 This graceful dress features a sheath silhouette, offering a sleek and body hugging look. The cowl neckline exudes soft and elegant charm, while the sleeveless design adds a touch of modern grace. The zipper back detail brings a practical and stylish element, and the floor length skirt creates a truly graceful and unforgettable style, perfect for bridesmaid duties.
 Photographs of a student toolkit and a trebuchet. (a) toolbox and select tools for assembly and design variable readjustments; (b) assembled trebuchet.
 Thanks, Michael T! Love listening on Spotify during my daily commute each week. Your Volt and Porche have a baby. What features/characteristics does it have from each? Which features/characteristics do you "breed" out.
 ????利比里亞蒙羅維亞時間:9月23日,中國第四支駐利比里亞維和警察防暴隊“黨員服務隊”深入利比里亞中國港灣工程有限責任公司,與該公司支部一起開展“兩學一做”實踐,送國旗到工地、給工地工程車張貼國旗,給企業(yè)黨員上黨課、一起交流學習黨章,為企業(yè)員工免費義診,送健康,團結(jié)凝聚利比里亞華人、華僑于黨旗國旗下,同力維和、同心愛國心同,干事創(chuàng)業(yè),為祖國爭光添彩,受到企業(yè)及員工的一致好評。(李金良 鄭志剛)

....

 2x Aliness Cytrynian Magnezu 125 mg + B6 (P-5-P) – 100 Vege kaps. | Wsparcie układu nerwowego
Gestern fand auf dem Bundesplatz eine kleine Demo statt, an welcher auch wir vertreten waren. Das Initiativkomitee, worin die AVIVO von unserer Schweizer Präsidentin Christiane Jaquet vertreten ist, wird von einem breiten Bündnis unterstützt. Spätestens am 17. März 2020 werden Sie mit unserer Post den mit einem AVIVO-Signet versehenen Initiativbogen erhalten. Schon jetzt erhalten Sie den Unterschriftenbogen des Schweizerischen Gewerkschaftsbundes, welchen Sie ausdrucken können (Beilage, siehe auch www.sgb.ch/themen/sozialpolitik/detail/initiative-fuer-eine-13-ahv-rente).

....

## What is needed
Work out how many lines in the records above include the string "design", and provide that figure with no other text.

## Result
2